Jahrestagung der Gesellschaft für Medizinische Ausbildung
Jahrestagung der Gesellschaft für Medizinische Ausbildung
„Woher weiß ich, ob es richtig oder falsch ist?“ Zur Vermittlung ethischer Reflexions-, Argumentations- und Urteilskompetenzen in Gesundheitsfächern und -berufen
2LMU München, Institut für Ethik, Geschichte und Theorie der Medizin, München, Deutschland
Text
Fragestellung/Zielsetzung: Kritisch denken können ist eine Schlüsselkompetenz für moralische Entscheidungen in Gesundheitsberufen. Gerade vor dem Hintergrund pluralistischer Wertvorstellungen bergen solche Entscheidungen Konfliktpotential, weshalb sie insbesondere in der Ausbildung zu einem Gesundheitsberuf als herausfordernd wahrgenommen werden können. Um solchen Herausforderungen angemessen begegnen zu können, ist es erforderlich, dass Studien- und Ausbildungsgänge Lernanlässe schaffen, damit Lernende ethische Kompetenzen erwerben können. Es stellt sich dabei die Frage, wie Fähigkeiten zur kritischen Auseinandersetzung mit komplexen moralischen Fragen gefördert werden können.
In diesem Vortrag beschäftigen wir uns mit der Förderung ethischer Kompetenzen im Rahmen der Ausbildung bzw. des Studiums von Gesundheitsfächern und -berufen (einschließlich der Medizin). Wir legen den Fokus auf die Vermittlung von ethischen Reflexions-, Argumentations- und Urteilsbildungskompetenzen zur Bearbeitung moralischer Herausforderungen im beruflichen Alltag.

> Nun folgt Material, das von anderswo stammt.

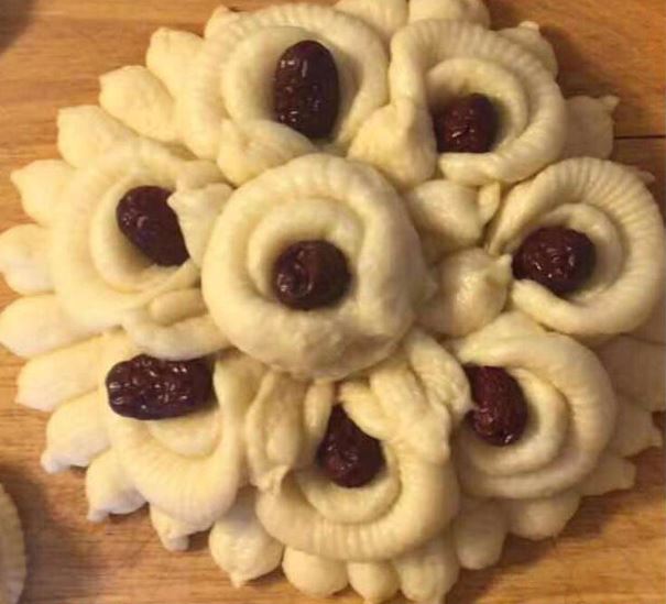 两道面食:枣花馍+香葱鸡蛋烙薄饼

Methoden: In unserem Beitrag zeigen wir zunächst auf, wie ethische Reflexions-, Argumentations- und Urteilsbildungskompetenzen definiert werden können. Ausgehend von den Definitionen leiten wir geeignete Lehrmethoden ab, mit denen ihr Erwerb gefördert werden kann. Dabei gehen wir sowohl auf die Analyse moralischer Herausforderungen auf gesellschaftlicher Ebene als auch auf moralische Konflikte ein, wie sie sich in der Patientenversorgung im Einzelfall ergeben können.
Ergebnisse: Für die Bearbeitung moralischer Fragen und Konflikte in der Patientenversorgung eignen sich Modelle aus der klinisch-ethischen Fallberatung (z.B. mit der Prinzipienorientierten Fallanalyse). Für die Diskussion kontroverser gesellschaftsrelevanter Themen bieten sich Methoden aus der Argumentationstheorie an, wie z. B. Argumentrekonstruktion und -evaluation sowie moderierte Debatten. Solche Ansätze können für unterschiedliche Gesundheitsfächer und Berufe adaptiert werden.
Diskussion: Anhand unserer Begriffs- und Methodenanalyse stellen wir heraus, inwiefern die Vermittlung von Kompetenzen moralischen Argumentierens und ethischer Urteilsbildung dem Aspekt der Perspektiven- und Wertevielfalt in pluralistischen Gesellschaften Rechnung tragen kann, ohne dabei in eine Begründungsbeliebigkeit zu verfallen.
Take Home Messages:
- Moralische Fragen und Konflikte im Gesundheitswesen können durch Reflexions- und Argumentationskompetenzen strukturiert und nachvollziehbar bearbeitet werden.
- Der Erwerb ethischer Kompetenzen in der Ausbildung in Gesundheitsfächern und -berufen kann durch zielgerichtete Lehr-Lernarrangements gefördert werden.